New immortalities: anthropological reflections on the procurement, transformation and use of human cadaveric tissue 
Convenors:
Bob Simpson (Durham University)
Rachel Douglas-Jones (IT University of Copenhagen)
Location:
Playfair Building, Main Hall
Start time:
22 June, 2014 at
Time zone: Europe/London
Session slots:
3

Short Abstract:

We will explore emergent issues around ethics, value and recycling in relation to cadaveric materials and the drive to realise this-worldly potential in the bodies of the newly dead in a variety of ethnographic settings.

Long Abstract:

In this panel we will explore emergent issues around ethics, value and recycling in relation to cadaveric materials. We set out to explore the drive to realise increasing this-worldly potential in the bodies of the newly dead and the way that this intersects with religion, culture, and kinship in a variety of ethnographic settings to produce 'new immortalities'.

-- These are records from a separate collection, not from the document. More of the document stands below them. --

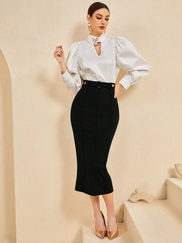 Design clássico, estilo lápis, fechamento com zíper, fenda atrás, cintura alta e um belíssimo botão de enfeite na cintura, dando um ar de sofisticação ao look. Acabamento impecável e detalhes que adicionam sofisticação ao seu visual.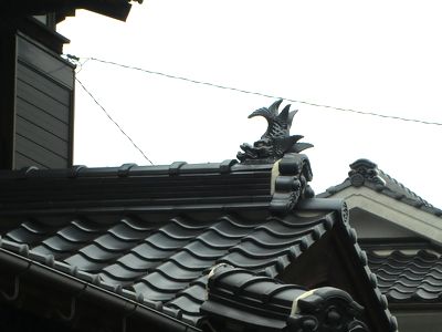 普通の屋根瓦と違って表面には厚く釉薬が塗られており、つやつや光り、鬼がわらの部分には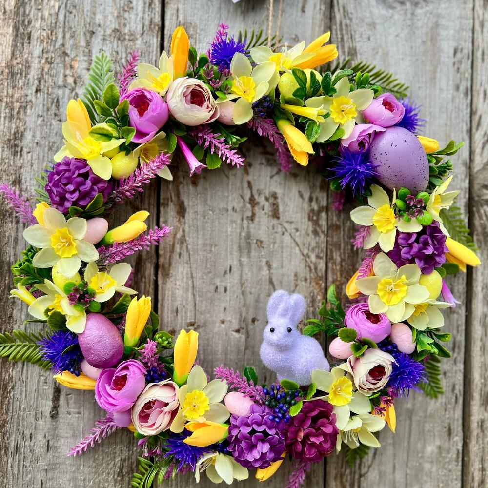 Оригинальный венок в сиреневой гамме станет прекрасным подарком для мамы , друзей или для себя 🫶🏼 Венок стильно украсит ваше пространство и подарит праздничное настроение 🐣 Венок упакуем в стильную коробку с прозрачным окном и приложим открытку с Вашими пожеланиями ☺️

In one sense, these questions are not new and are to be found in key enlightenment debates about medical research and its relation to prevailing ideas about death, immortality and religion. What is changing is the widening repertoire of materials that might now acquire moral, scientific and economic value as organs and tissue for transplantation, as a source of research specimens, and for use in medical education and training. From the perspective of those charged with immediate responsibility for the dead - kin, friends, community - existing regimes are typically cast in the idiom of donation, charity and the continuing agency of the dead as moral beings. However, the ethical and practical regimes to which the dead are subjected also increasingly overlap with instrumental and utilitarian approaches to the material body. These occur at the points where medicine and law as expressions of state and economic interests come into play.

We welcome papers that bring descriptive and analytical focus onto the ways in which the diverse values and sentiments that attach to the body at death in different communities are transformed into generalised notions of value and sentiment.